В комнату, с шипящей на сковороде картошкой, вошла Алена. Скорее бросив, чем поставив сковородку на стол, она недовольно сказала:
— Чего ж в потемках сидишь? Лампу зажег бы..
Игнат Сысоич промолчал. Алена открыла ящик в столе, зазвенела вилками, ножами.
— Эх, Лева, Лева! — грустно заговорила она. — Чует мое сердце, доведет тебя политика до кручи, толкнет с нее вниз, и некому будет ни придержать тебя, ни руки подать, и пропадут сразу две жизни. А я жить хочу…
— Кхе-кхе… — раздалось от печки. — А кто ж тебе не дает жить, дочка?

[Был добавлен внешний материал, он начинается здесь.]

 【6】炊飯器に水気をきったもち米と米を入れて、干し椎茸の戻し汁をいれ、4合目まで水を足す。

— Ой, кто это тут? — испуганно вскрикнула Алена. — Никак батя? А Леон где?
— Ушел.
— Куда ушел?
— А я почем знаю! — схитрил Игнат Сысоич.
Алена села на стул, некоторое время молчала. «Ушел… Но я же говорила только так… от злости…» — думала она и услышала суровый голос Игната Сысоича.

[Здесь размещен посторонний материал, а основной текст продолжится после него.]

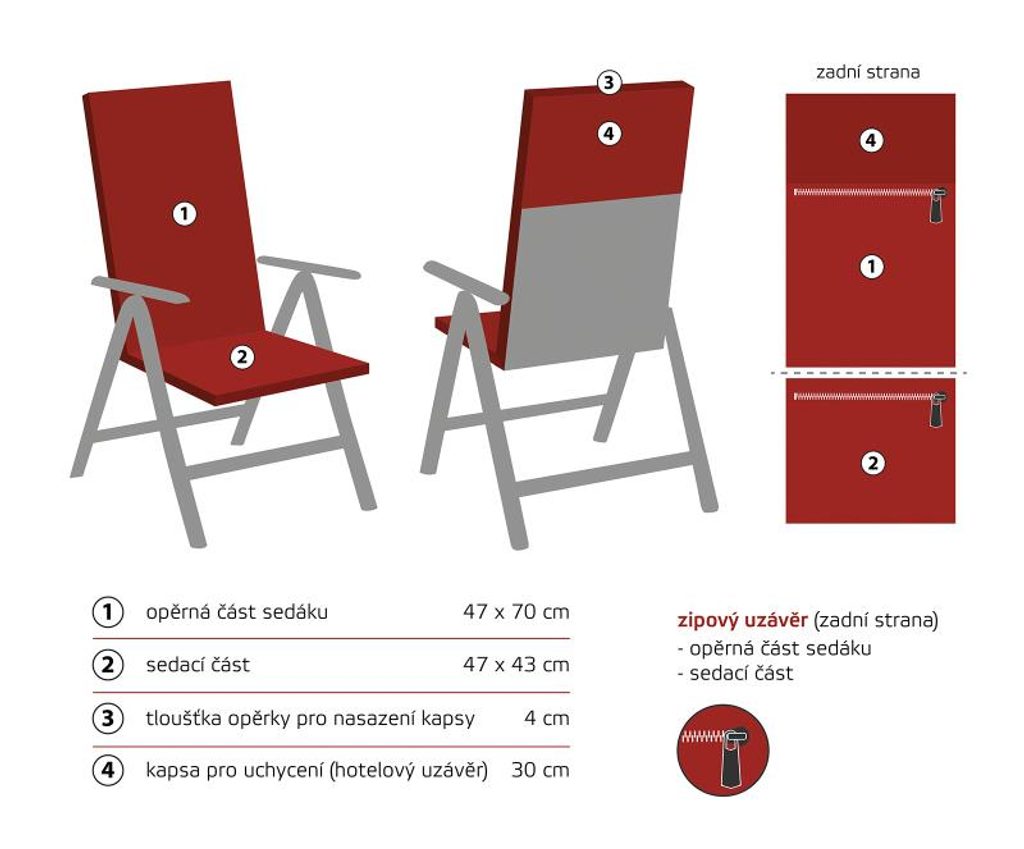Potah na sedák je opatřen zipovým uzávěrem a šev odděluje sedací a opěrnou část. Pro uchycení na židli je potah opatřen hotelovou kapsou (šíře boku 4 cm, délka 30 cm), kterou lehce navléknete na opěrku. Kvalitní materiál zaručí odolnost vůči prosezení. Praní potahu na 40°C, sušení v sušičce nedoporučujeme.

— Какая же ты жена и подруга сердца, коли мелешь такую околесицу? И еще, главное дело, две жизни пропадут, — пренебрежительно повторил он и решительно сказал: — Не пропадет у Леона жизнь. И не скинут его с кручи, потому за ним народ идет и поддерживает. А тебе я скажу так: мутишь ты чистую воду, жизнь свою семейную, и сама не знаешь ради чего. Мало тебя отец порол кнутом? Не взяла ты в понятие то, что такое жизнь эта, будь она богом проклята! И если на то пошло, я одобряю… такие дела Леона и благословляю его идти за народ. А ты не мешай ему. Не имеешь ты права мешать ему, — это я говорю тебе, отец ваш. Так-то. Вот он к солдатам сейчас пошел и слово доброе им скажет. А ты с укором, с упреками к нему да с бабьими всякими причитаниями. Ты теряешь голову, а не Леон, вот что я тебе скажу. И потеряешь, если не одумаешься!

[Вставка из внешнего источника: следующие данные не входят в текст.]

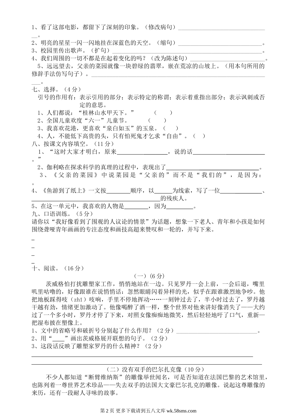 第七单元测试卷一、给下面的句子中加点的字选择合适的拼音,并写在括号内(4分)1、笼(lónglǒng)夜幕降下来了,黑暗笼()罩着大地,连笼()中的小鸟也要睡觉了.2、的(díde)小明的()这句话的()确说错...

Игнат Сысоич чиркнул спичкой и, поднявшись, зажег лампу. Поставив ее на стол, он сел, отечески мягко сказал:
— Ты извиняй, дочка, за острое слово, какое соскочило с языка. Я люблю напрямки говорить… Неправильно ты жизнь строишь! И я тебе советую перемениться. Сейчас же перемениться! И тогда вы заживете с Леоном хорошо и согласно. Так-то.
Алена молчала. В ушах у нее все еще стояли гневные слова Игната Сысоича: «Ты теряешь голову… И потеряешь, если не одумаешься».
…И Алену начали разбирать сомнения. А не слишком ли она далеко зашла в своих требованиях к Леону? Вдруг она увидела на подоконнике рамку от фотографии и, схватив ее, бросилась в горницу. Не найдя там своей карточки, она вскрикнула:
— Ушел же он, батя-я! Совсем ушел…
Игнат Сысоич не спеша вошел в горницу и увидел: Алена, обняв угол стола и положив на него голову, рыдала.
Он подошел к ней, тронул ее за плечо и сочувственно сказал:
— Успокойся, дочка! Он придет.
— Не придет он, батя… Он карточку мою взял, — сквозь слезы вымолвила Алена.
Игнат Сысоич задумался. «А если и на самом деле не придет? Да нет, не должно!» — решил он и убежденно повторил:
— Придет. Я отец и лучше твоего знаю.
— Верните, верните его, батя! Я переменюсь. Я совсем переменюсь, — плача, упрашивала Алена.
Игнат Сысоич гладил ее по плечу и думал: «Далеко зашло у них. Может, на станцию сходить? Да нет, он придет».
Ночь Игнат Сысоич провел неспокойно. Он то всхрапывал, то ворочался на постели, потом вставал курить и прислушивался к ночным шорохам на улице, к тяжким вздохам Алены в спальне.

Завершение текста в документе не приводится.